- _EXERCISE AIM_: Lines below that include "with" are the answer; copy each one.
START SOURCE MATERIAL
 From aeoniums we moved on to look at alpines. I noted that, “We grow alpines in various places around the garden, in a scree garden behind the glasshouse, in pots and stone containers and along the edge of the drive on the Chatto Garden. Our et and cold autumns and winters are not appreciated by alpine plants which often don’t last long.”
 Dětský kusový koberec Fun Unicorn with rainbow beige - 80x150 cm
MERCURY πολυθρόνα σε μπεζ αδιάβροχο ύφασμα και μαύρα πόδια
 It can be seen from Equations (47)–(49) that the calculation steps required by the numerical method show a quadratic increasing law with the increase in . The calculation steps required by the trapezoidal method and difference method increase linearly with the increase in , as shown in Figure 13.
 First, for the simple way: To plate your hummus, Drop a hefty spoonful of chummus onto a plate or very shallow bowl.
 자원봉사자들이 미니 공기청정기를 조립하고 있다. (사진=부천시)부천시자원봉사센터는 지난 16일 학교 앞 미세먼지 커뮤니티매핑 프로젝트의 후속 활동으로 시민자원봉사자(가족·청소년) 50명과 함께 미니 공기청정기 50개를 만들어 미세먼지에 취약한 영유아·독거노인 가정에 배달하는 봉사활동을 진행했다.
END SOURCE MATERIAL
START SOURCE MATERIAL
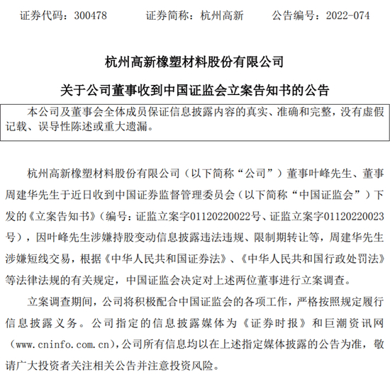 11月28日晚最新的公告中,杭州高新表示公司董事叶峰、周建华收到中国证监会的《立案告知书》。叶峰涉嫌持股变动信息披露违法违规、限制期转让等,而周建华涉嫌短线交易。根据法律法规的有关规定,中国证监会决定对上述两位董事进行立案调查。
END SOURCE MATERIAL
- _RESPONSE TO THE EXERCISE_:
 Dětský kusový koberec Fun Unicorn with rainbow beige - 80x150 cm
 It can be seen from Equations (47)–(49) that the calculation steps required by the numerical method show a quadratic increasing law with the increase in . The calculation steps required by the trapezoidal method and difference method increase linearly with the increase in , as shown in Figure 13.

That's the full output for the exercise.